In Australia, the fast adoption of PrEP is just the latest step in a comprehensive response that dates back to the 1980s.

In its early stages, it involved, among other things, the providing of free condoms and clean needles, as well as a controversial public health advertisement in which the Grim Reaper emerged from a cloud of smoke to strike down victims with a bowling ball. All of those measures were championed by the country’s prime minister at the time, Bob Hawke, whose own daughter struggled with heroin addiction.

Australia’s current system of universal health care, known as Medicare, was introduced in 1984, two years after the country’s first HIV diagnosis. “When we were then confronted with the greatest public health crisis of our times, we were able to deploy resources,” said Bowtell, the health policy consultant.

In the United States, he said, the reaction to HIV and AIDS in the early years took on religious and moral overtones — some people described the disease as a punishment from God — and the administration of President Ronald Reagan was criticized as slow to act. Australia, by contrast, mostly managed to keep HIV from becoming a moral or a political issue, Bowtell added.

In 2015, as PrEP was first emerging in Australia, an activist group in Melbourne put up posters with an expletive encouraging people to have sex without condoms. Activists and PrEP users say they accurately captured the sense of freedom that Truvada has granted.
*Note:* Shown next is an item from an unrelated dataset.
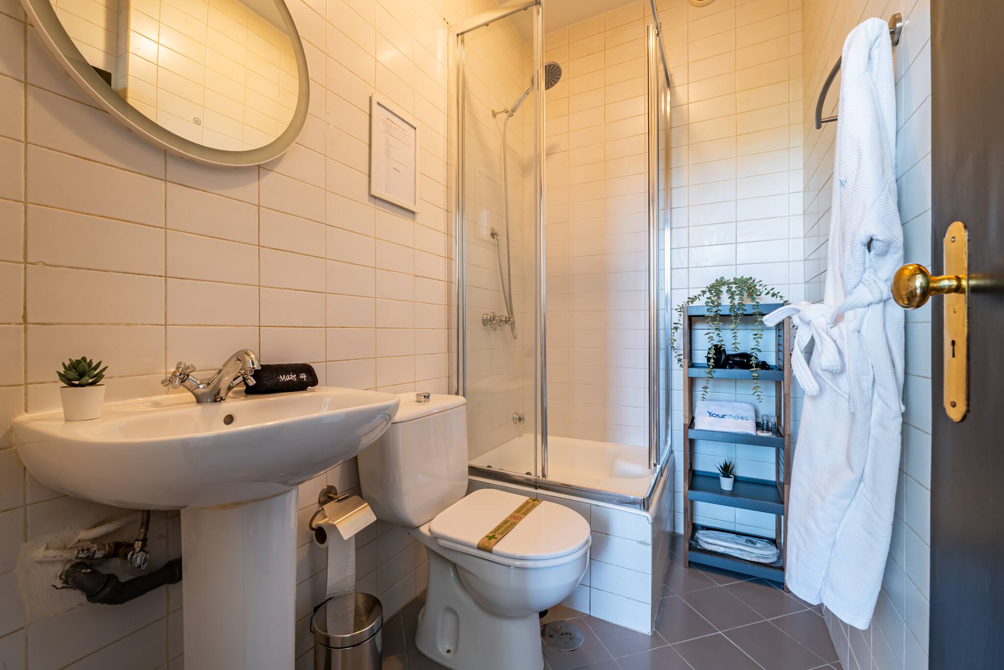A casa de banho é moderna e funcional, com chuveiro, toalhas macias e produtos de higiene pessoal.

People living with HIV have long carried the burden of preventing its spread, said Mark Binette, 34, a physiotherapist from Melbourne who is on PrEP. The regimen, he added, offered a way to help shift that responsibility.

PrEP is not the only reason for declines in HIV transmission: In many cases, antiretroviral drugs reduce the presence of the virus in patients’ bodies to levels so low that they will not pass it on to others. But to ever fully eliminate HIV transmission, a vaccine will most likely be needed, scientists say.

Also crucial is ending the stigma attached to the virus, which can stop people from seeking access to prevention measures and treatment, said Dr Edwina Wright, a physician and clinical researcher at the Alfred Hospital at Monash University in Melbourne.

“It’s not all biomedical,” Wright said. “If we could have a vaccine in the short term against stigma,” she added, “that would be great.”